The combination of self-help with an arbitrary holiday makes my whole brain shut down. In that way, I dislike traditional New Year's resolutions. However, weight loss and spring cleaning is all I can think about.
I'm not going on a diet. I'm going to start eating the "Healthy Choice" option four days a week in the cafe at work. I'm going to purchase a Wii Fit bundle and start playing that instead of shopping. Which ties in with my other problem...
I'm annoyed and angry about how much stuff is in my house. My apartment is filthy and cluttered. I believe the root cause is A) the lack of tools to clean, and B) too much stuff and not enough space.
As a first leap, I bought a vacuum. Not the glorified dust buster we purchased on Black Friday, but a full-on, in your face, sucking the floor off your apartment... vacuum. I've named her Muriel.
I've also decided to throw out or donate everything I don't use frequently. I feel like I do this every year. I need to stop buying stuff that I don't love or absolutely need. I mean my sweater collection is impressive... and I'm totally cool with having as many as I do.

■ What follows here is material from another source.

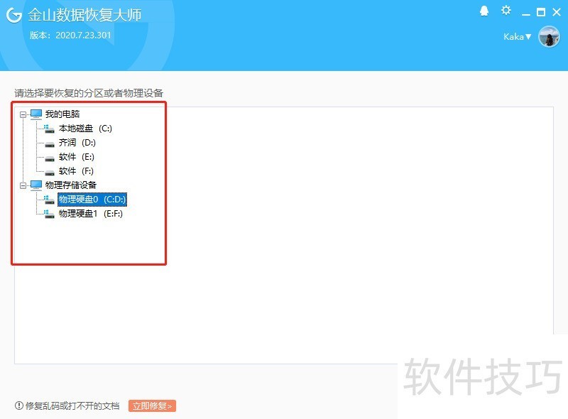 2、 误删除文件打开金山数据恢复大师,找到误删除文件。如图点击

But, why did I buy two pairs of Nike's when I only wear my KEEN tennis shoes? This needs to stop before I start looking like the junk lady from the Labyrinth.

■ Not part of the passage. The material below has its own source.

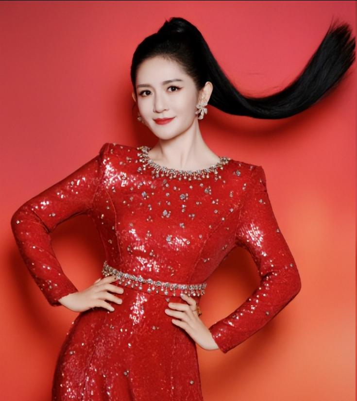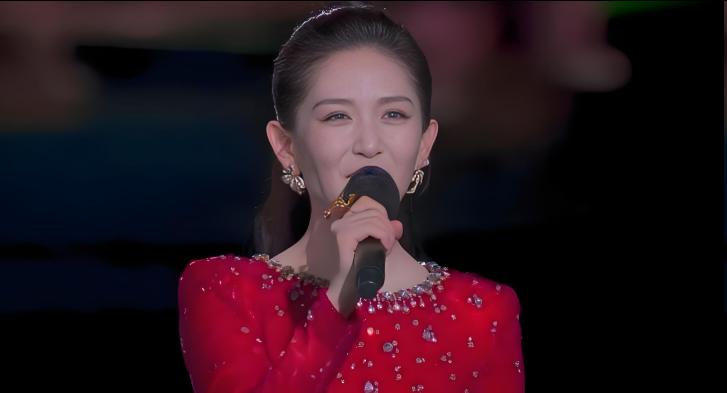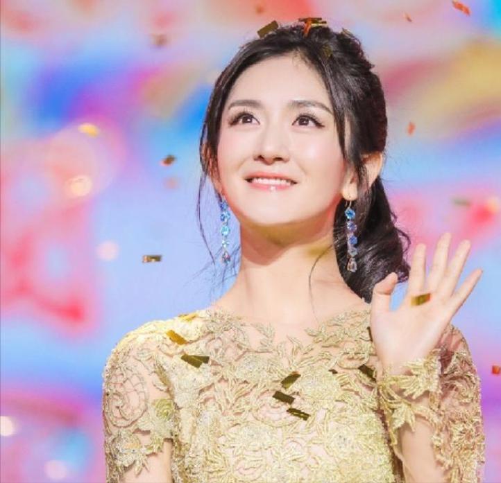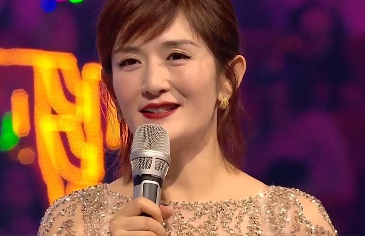 站在央视舞台上的她,一改往日的形象,变得端庄大气。

Part of me feels like I need to create a psychological reason for my shopping. Perhaps I am collecting things as a way to anchor myself and create security. Perhaps it's something from my childhood... like how as a child I was surrounded by things I did not choose. Many times I was in a situation I could not control. Now, I'm choosing things myself in an effort to control my life. Or maybe, I just like shopping. Yea, I think that's it.
I have everything that I need. Now, I just need to get rid of the things I don't. Sentimentality be damned.
TL;DR: I'm a fat slob. Something has to give.